START RECORDS SHOWN

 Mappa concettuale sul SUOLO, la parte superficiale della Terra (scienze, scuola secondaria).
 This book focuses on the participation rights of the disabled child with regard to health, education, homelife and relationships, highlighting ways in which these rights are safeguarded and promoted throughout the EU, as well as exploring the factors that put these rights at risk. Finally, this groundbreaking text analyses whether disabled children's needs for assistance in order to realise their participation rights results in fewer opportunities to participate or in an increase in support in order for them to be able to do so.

END RECORDS SHOWN
START RECORDS SHOWN

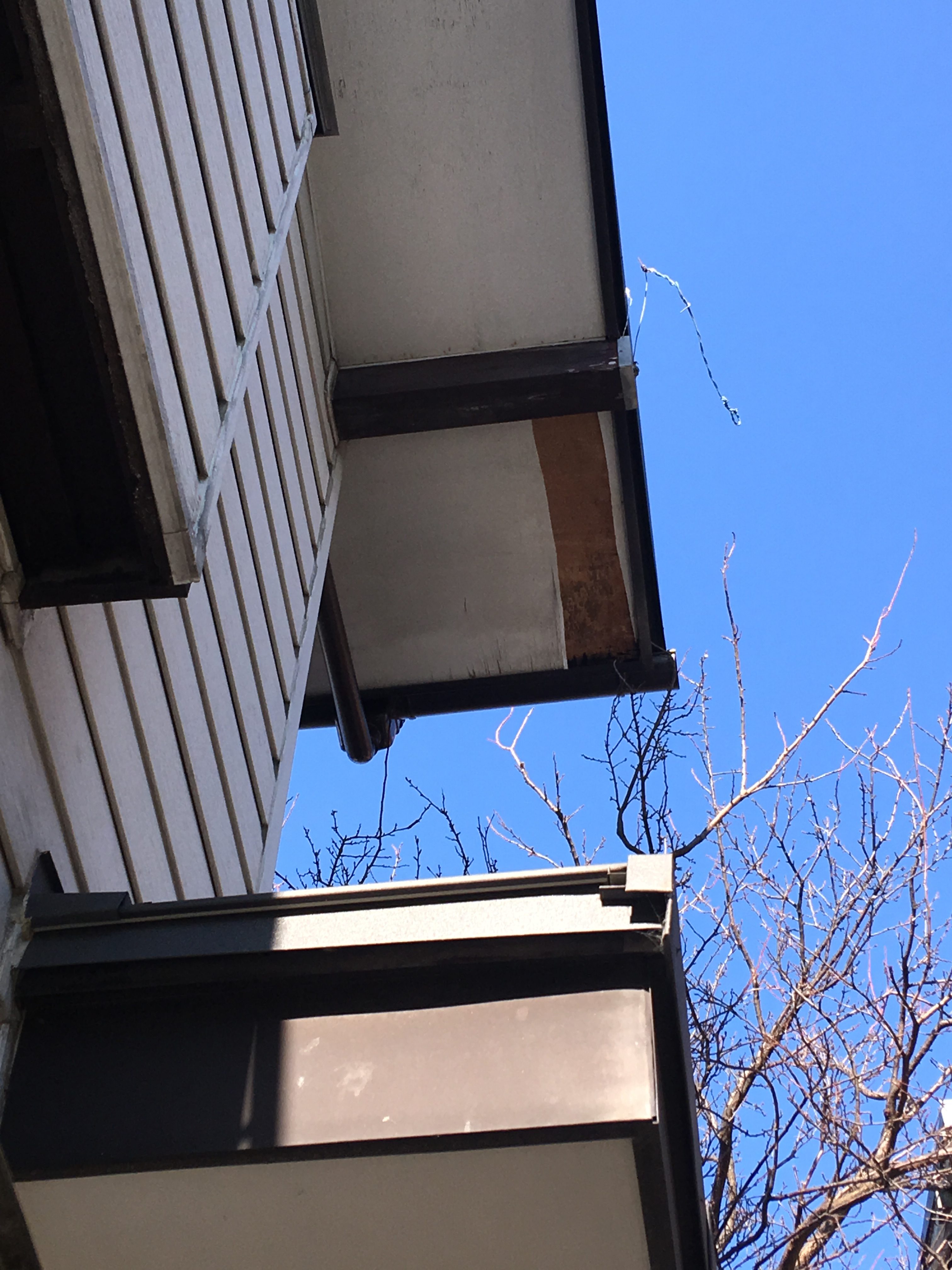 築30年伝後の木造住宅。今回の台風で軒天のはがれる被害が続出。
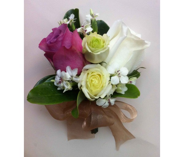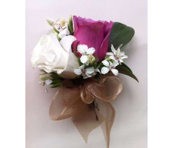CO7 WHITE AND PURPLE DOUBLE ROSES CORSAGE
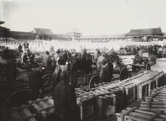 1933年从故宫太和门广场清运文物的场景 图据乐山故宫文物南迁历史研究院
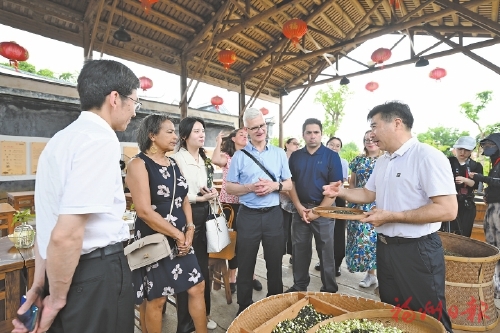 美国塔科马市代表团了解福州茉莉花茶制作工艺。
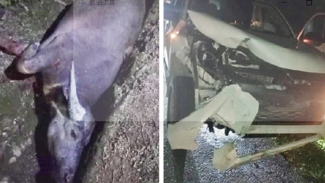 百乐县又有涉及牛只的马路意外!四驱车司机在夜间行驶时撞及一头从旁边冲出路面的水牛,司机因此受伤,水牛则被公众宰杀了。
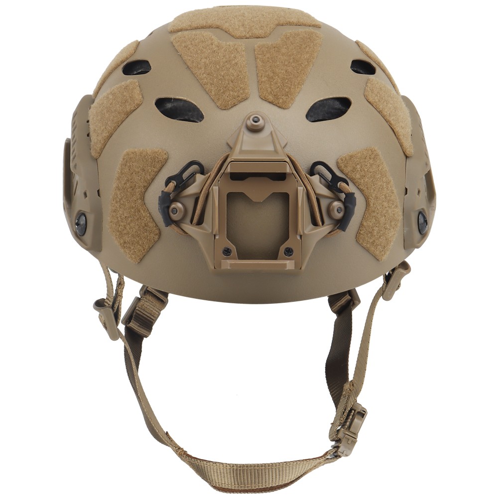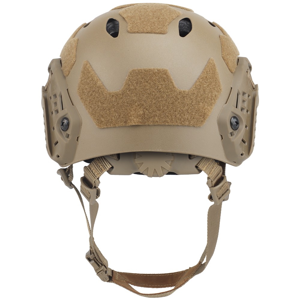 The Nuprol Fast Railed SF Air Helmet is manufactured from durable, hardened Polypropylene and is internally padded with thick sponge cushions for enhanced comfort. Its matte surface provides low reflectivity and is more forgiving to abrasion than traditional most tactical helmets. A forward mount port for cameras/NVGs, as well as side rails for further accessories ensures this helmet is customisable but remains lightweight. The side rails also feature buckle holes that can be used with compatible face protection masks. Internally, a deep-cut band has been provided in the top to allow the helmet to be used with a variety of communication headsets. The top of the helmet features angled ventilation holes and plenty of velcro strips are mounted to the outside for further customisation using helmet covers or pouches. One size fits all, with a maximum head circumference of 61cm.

END RECORDS SHOWN
START RECORDS SHOWN

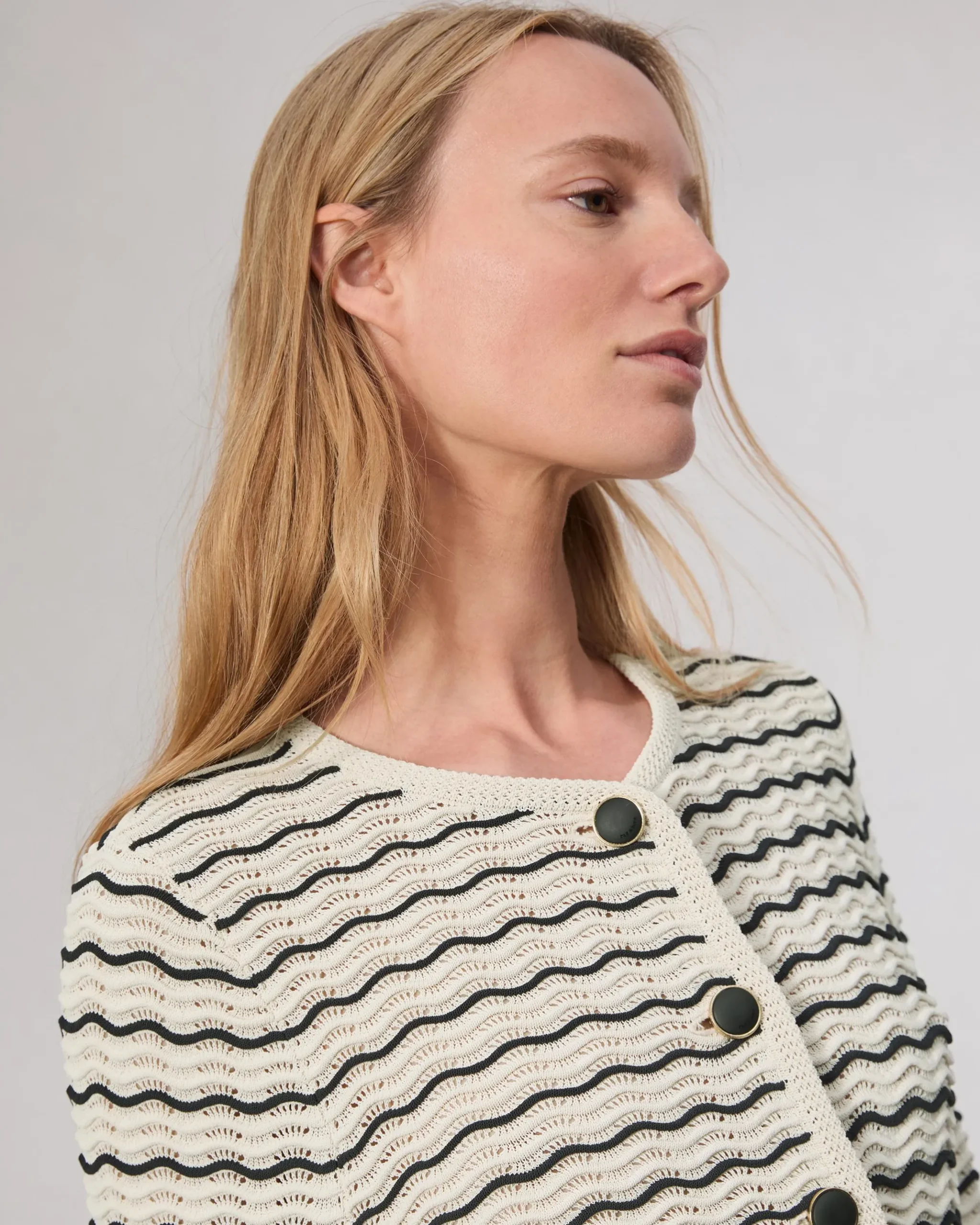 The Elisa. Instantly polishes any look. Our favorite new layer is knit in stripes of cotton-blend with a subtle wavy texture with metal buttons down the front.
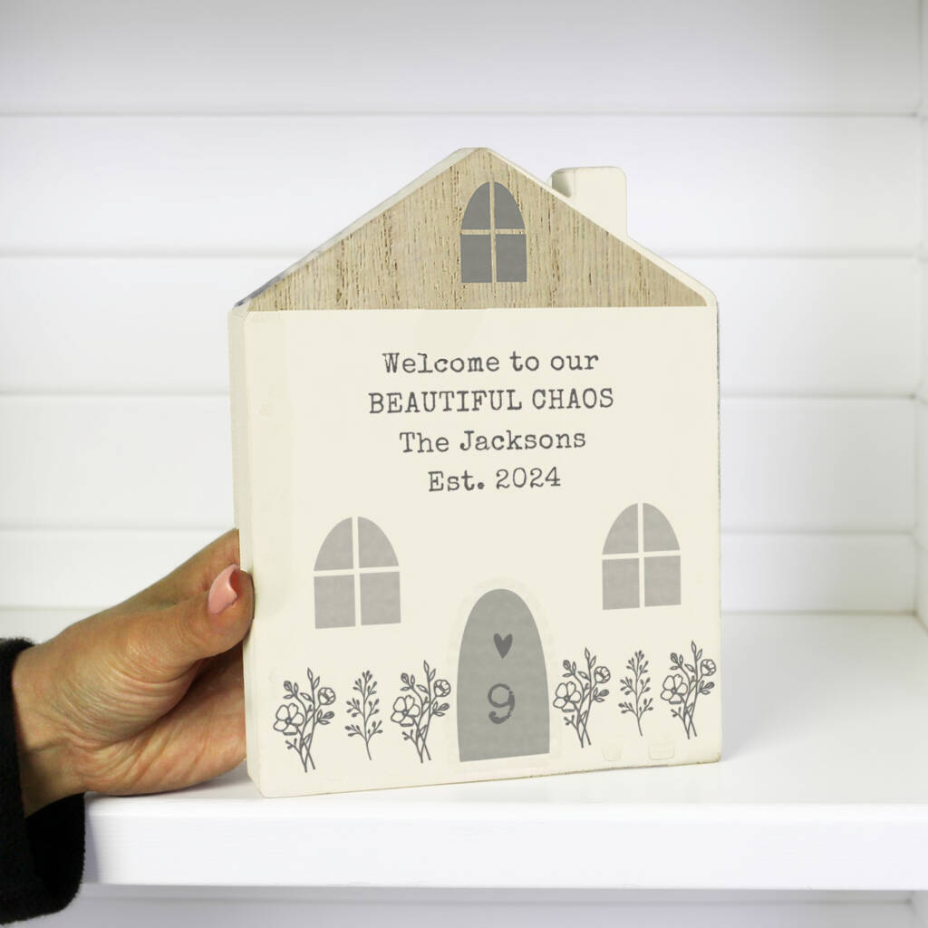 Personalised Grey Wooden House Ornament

END RECORDS SHOWN

PROMPT:
Copy out the range of lines above starting at the line with "Mappa concettuale sul" and ending at the line with "This book focuses", exactly and including both.

EXPECTED ANSWER:
 Mappa concettuale sul SUOLO, la parte superficiale della Terra (scienze, scuola secondaria).
 This book focuses on the participation rights of the disabled child with regard to health, education, homelife and relationships, highlighting ways in which these rights are safeguarded and promoted throughout the EU, as well as exploring the factors that put these rights at risk. Finally, this groundbreaking text analyses whether disabled children's needs for assistance in order to realise their participation rights results in fewer opportunities to participate or in an increase in support in order for them to be able to do so.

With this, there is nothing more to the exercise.